Imagine sweeping around an object on your smartphone and getting a fully editable, realistic 3D model that you can view from any angle. This is rapidly becoming a reality thanks to advances in AI.
Researchers at Simon Fraser University (SFU) in Canada have announced a new AI technology to do just that. Soon, the everyday consumer will not only be able to just take his 2D photo, but he will also be able to take his 3D capture of a real object and view its shape and shape as easily as he takes a regular 2D photo of him today. You will be able to freely edit the appearance.
In a new paper presented at the Conference on Neural Information Processing Systems (NeurIPS), the annual flagship international conference on AI research, held in New Orleans, Louisiana, researchers describe how proximal attention point rendering (PAPR) and We have demonstrated a new technology called Convert her 2D photo of an object into a cloud of 3D points representing the object's shape and appearance. Each point provides the user with a knob to control the object. Dragging a point changes the object's shape, and editing point properties changes the object's appearance. Then, in a process known as “rendering,” the 3D point cloud is viewed from any angle and transformed into a 2D photo that shows the edited object as if it were actually photographed from that angle.
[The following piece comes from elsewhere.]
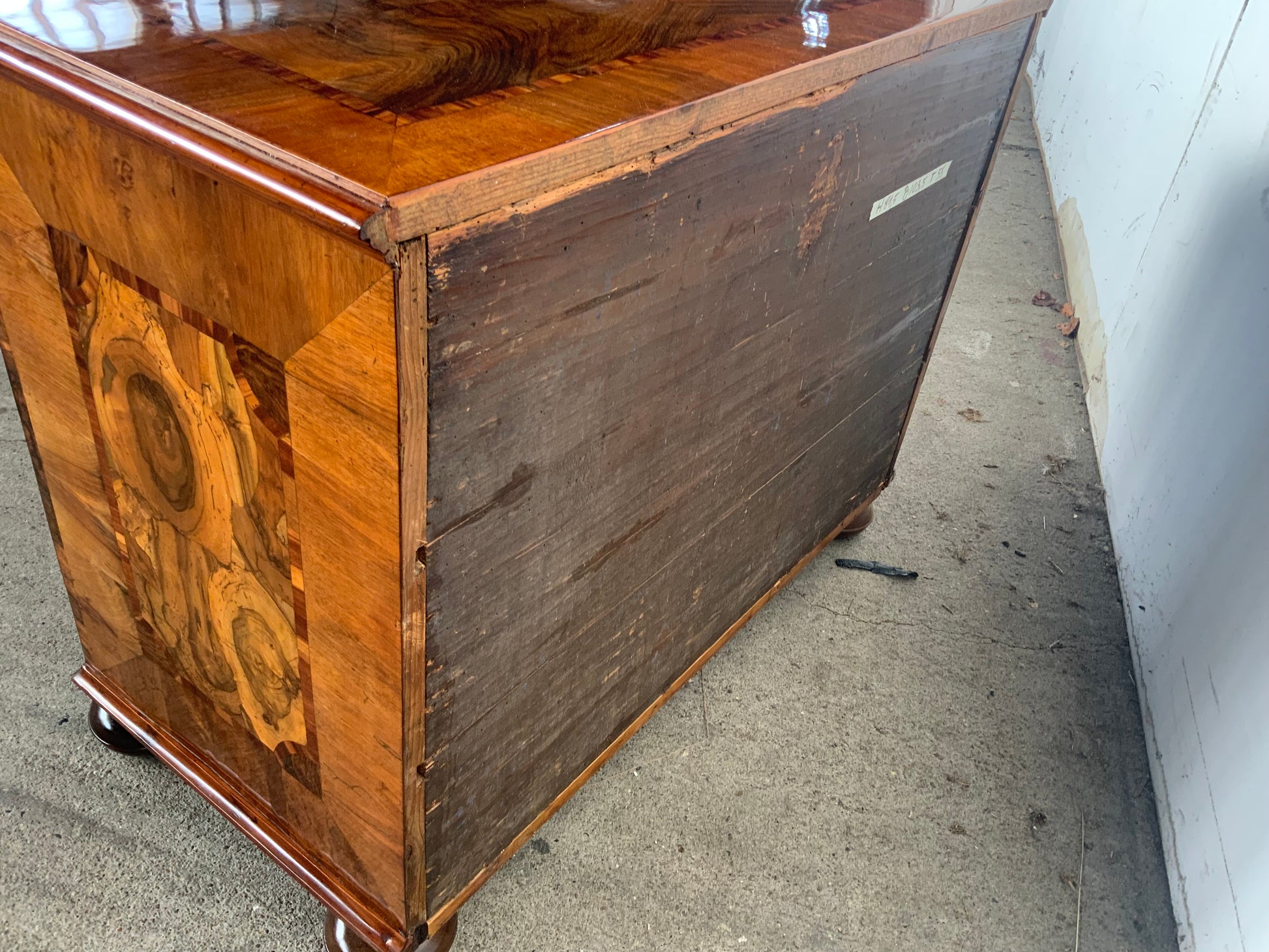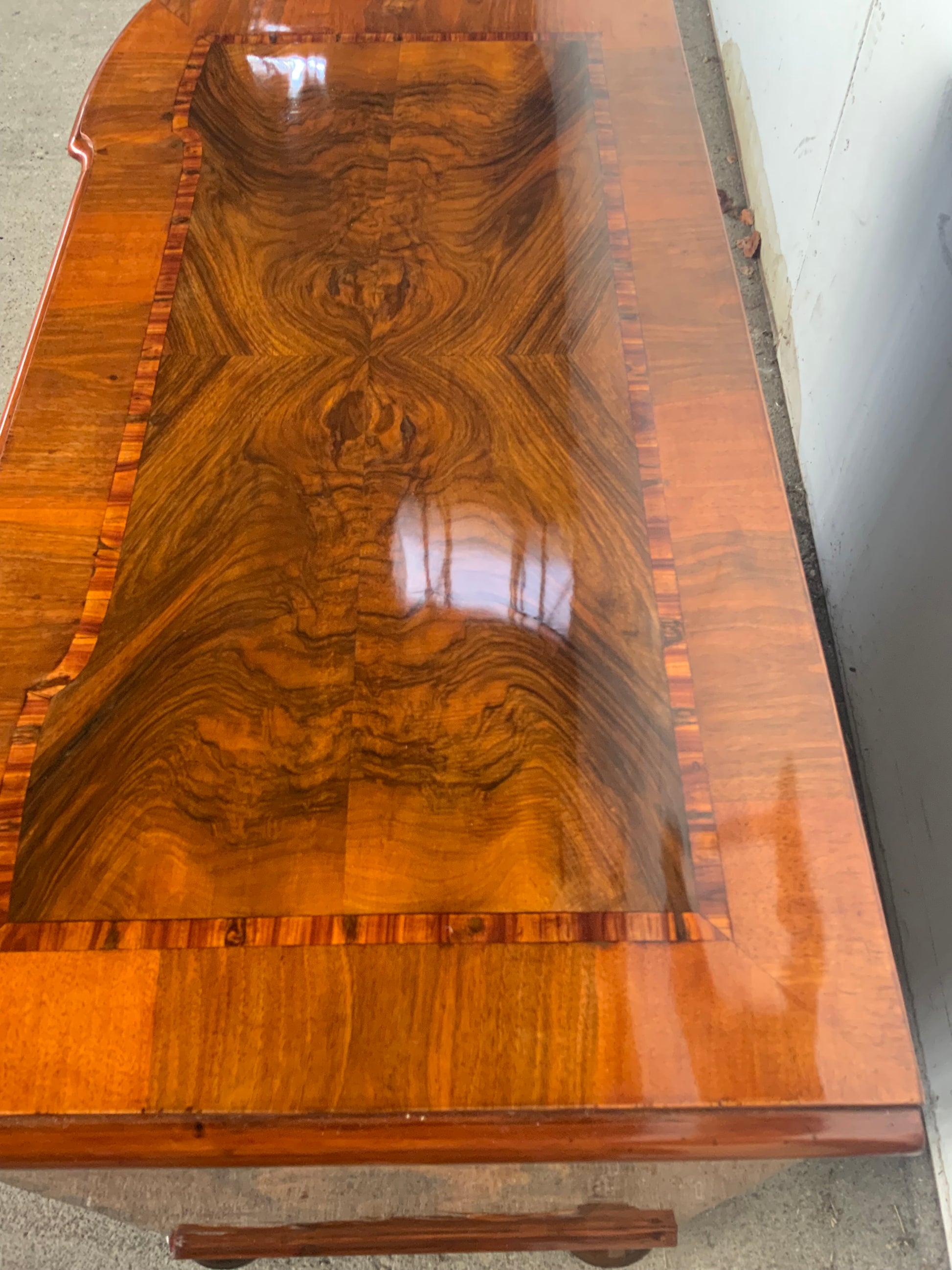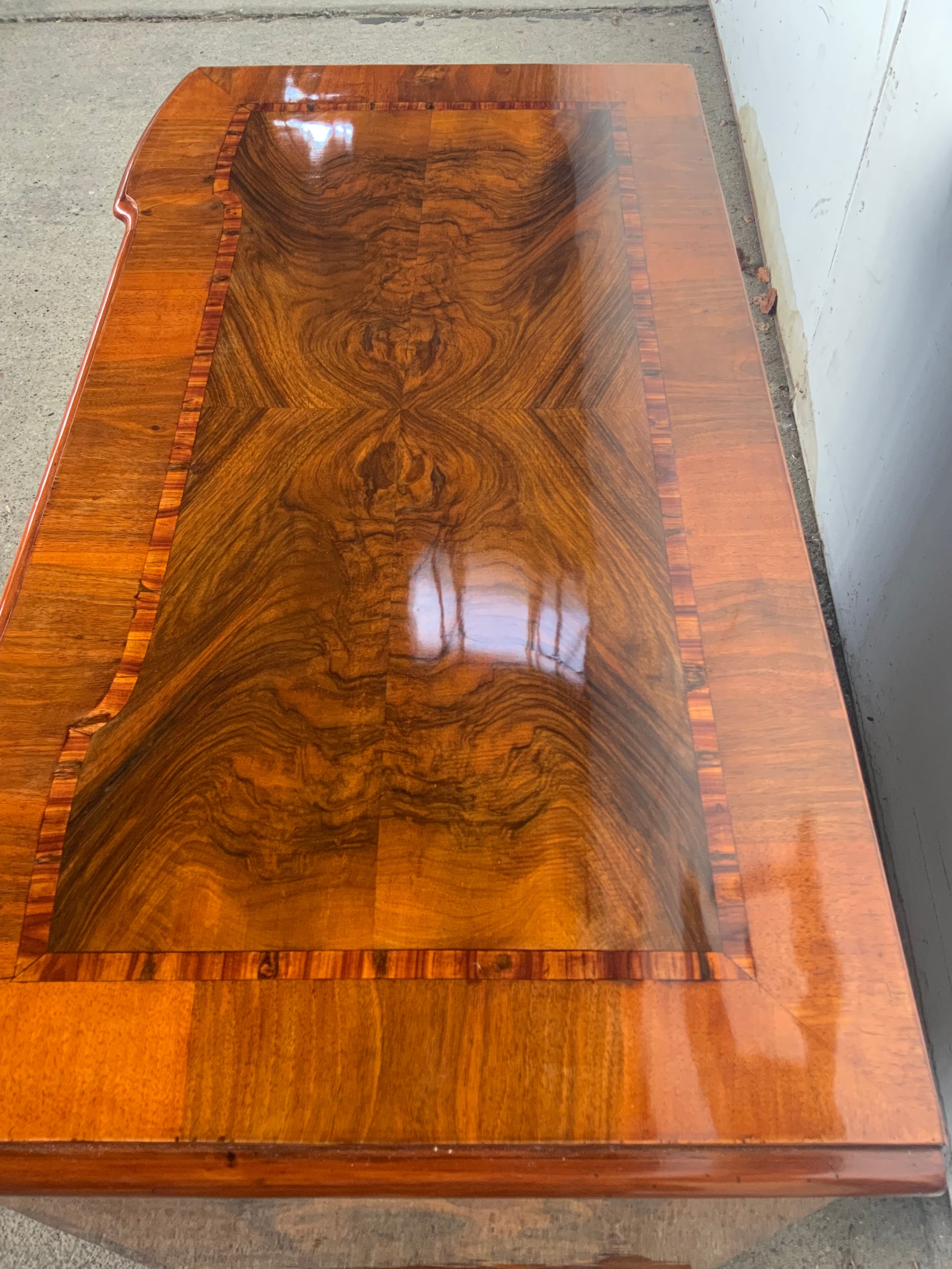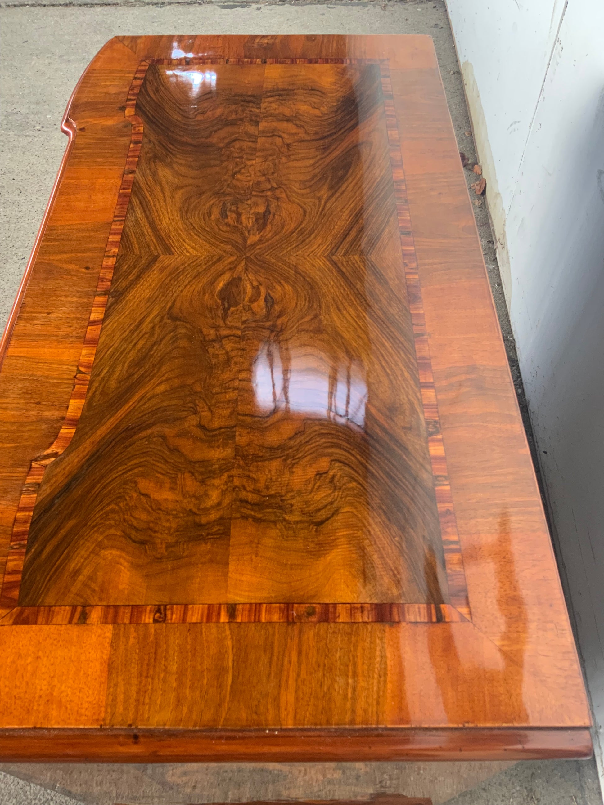 Ein wahres Schmuckstück aus der Barockzeit , Deckplatte mit Kreuzfuge , 3 doppelt geknickte Schübe in Nussbaum und Nusswurzelfurnier , originale Beschläge , Kastenschlösser ergänzt , 3 Schlüssel dabei , Seitenwände mit großem Feld eingelegt . Behutsam restauriert und mit Schellack handpoliert . Korpus ruht auf gequetschten Kugelfüßen . Maße : Breite 103,5 cm , Tiefe 55 cm und Höhe 81,5 cm .

Researchers have shown how to bring statues to life using new AI technology. The technology automatically converts a series of photos of a statue into a 3D point cloud and animates it. The end result is a video of the statue turning its head from side to side as the viewer is guided through the path around it.
AI and machine learning are really driving a paradigm shift in reconstructing 3D objects from 2D images. The remarkable success of machine learning in fields such as computer vision and natural language has led researchers to use the same deep learning-based building blocks that have led to the recent AI runaway to create traditional 3D graphics. We encourage you to investigate how you can redesign your pipeline. '' said Dr. Ke Li, assistant professor of computer science and director of the APEX Lab at Simon Fraser University (SFU), and senior author of this paper. “It turns out this is much harder to pull off than expected and requires overcoming several technical challenges. What excites me most is the many challenges this brings to consumer technology. It's possible: 3D could become as common a medium for visual communication and expression as 2D is today.”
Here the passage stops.